Pillar Five - Operational Excellence Flashcards Preview

SA-12-The Well Architected Framework > Pillar Five - Operational Excellence > Flashcards

Flashcards in Pillar Five - Operational Excellence Deck (14):

Operational Excellence

  1. Includes operational practices and procedures to manage production workloads
  2. Includes how planned changes are executed, and responses to unexpected events
  3. Recommendation:
    1. Change execution and responses should be automated
    2. All processes and procedures should be documented, tested, and regularly reviewed


Design principles

  1. Perform operations with code
  2. Align operation processes to business objectives (eg. How is operations meeting business needs)
  3. Make regular, small, incremental changes
  4. Test for responses to unexpected events
  5. Learn from operational events and failures
  6. Keep operations procedures current (documentation, runbacks, playbooks, procedures, etc..)

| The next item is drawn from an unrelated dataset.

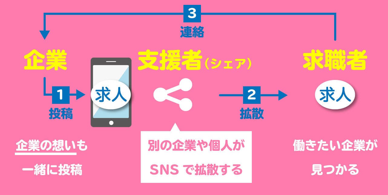 そこで目を付けたのがSNSです。SNSを使ってみんなで企業を応援する、企業が求めている人材・企業の理念・企業の熱い想いをSNSで拡散させる。そんな求人サイトを作ろうと考えました。

There are three best practice areas for operational excellence in the cloud

  1. Preparation
  2. Operation
  3. Response


Best Practices: Preparation (part 1)

  1. Preparation drives operational excellence
  2. Checklists ensures that workloads are ready for production and prevent mistakes
  3. Workloads should have
    1. Runbacks - which offer guidance that operations teams can refer to for normal tasks
    2. Playbooks - which offer guidance to unexpected events (response plans, escalation paths, and stakeholder notification)
  4. AWS CloudFront
    1. Can be used to ensure environments contain all required resources, and that the configurations are correct based on tested best practices


Best Practices: Preparation (part 2)

  1. Auto Scaling
    1. Provide auto mated scaling mechanisms to respond to business related events that affect operations needs
  2. Tagging
    1. To make sure all resources in a workload can be easily identified when needed during responses
  3. Accurate Documentation
    1. Information can become stale and needs to be updated regularly and tested
    2. Should include:
      1. Application designs
      2. Environment configurations
      3. Resource configurations
      4. Response plans
      5. Mitigation plans


Best Practices: Preparation (part 3)

  1. Deployments
    1. CI / CD pipelines (e.g. source code repository, build systems deployment, testing automation)
    2. Release management - small changes, tested, incremental, & tracked
    3. Roll Back - revert without introducing operational issues or causing operational impact 


Best Practices: Operation

  1. Standardized, manageable, routine basis
  2. Automation, small changes, regular quality assurance testing
  3. Mechanisms to track, audit, roll back, and review changes
  4. Changes should not be large, infrequent, need scheduled downtime, or manual
  5. KPIs should be collected and reviewed
  6. Automation to failures
  7. Avoid manual processes for deployments, release management, changes, rollbacks
  8. Align monitoring to business needs
  9. Avoid ad hoc and non-centralized monitoring


Best Practices: Response

  1. Responses should be automated (mitigation, remediation, rollback, and recovery)
  2. Alerts should be timely, and invoke escalations when automated responses are not enough
  3. QA mechanisms should be in play to automatically roll back failed deployments
  4. Responses should follow a pre-defined playbook
  5. Escalation paths should be defined and include both functional and hierarchical escalation paths
  6. Hierarchical escalations should be automated
  7. Escalated priority should result in stakeholder notifications


AWS Key Services: Preparation

  1. Preparation
    1. AWS Config - provides detailed inventory of your AWS resources, configurations, and continuously records configuration changes
    2. Service Catalog - helps to create a standardized set of service offerings that are aligned to best practices
    3. Designing workloads to use automation with services like Auto Scaling, SQS


AWS Key Services: Operation

  1. Tools to manage and automate code changes to AWS workloads
    1. AWS CodeCommit
    2. AWS CodeDeploy
    3. ASW CodePipeline
  2. Use AWS SDKs to automate operatonal changes
  3. Use AWS CloudTrail to audit and track changes made to AWS environments


AWS Key Services: Response

  1. Response
    1. CloudWatch - for effective automated responses
    2. CloudWatch to set alerting and notification
    3. CloudWatch - to trigger automated response


Questions: Preparation

  1. What best practices for cloud operations are you using?
  2. How are you doing configuration management for your workload?


Questions: Operations

  1. How are you evolving your workload the minimizing the impact of change?
  2. How are you monitoring? 


Questions: Response

  1. How do you respond to unplanned operational events?
  2. How is escalation managed when responding to unplanned operational events?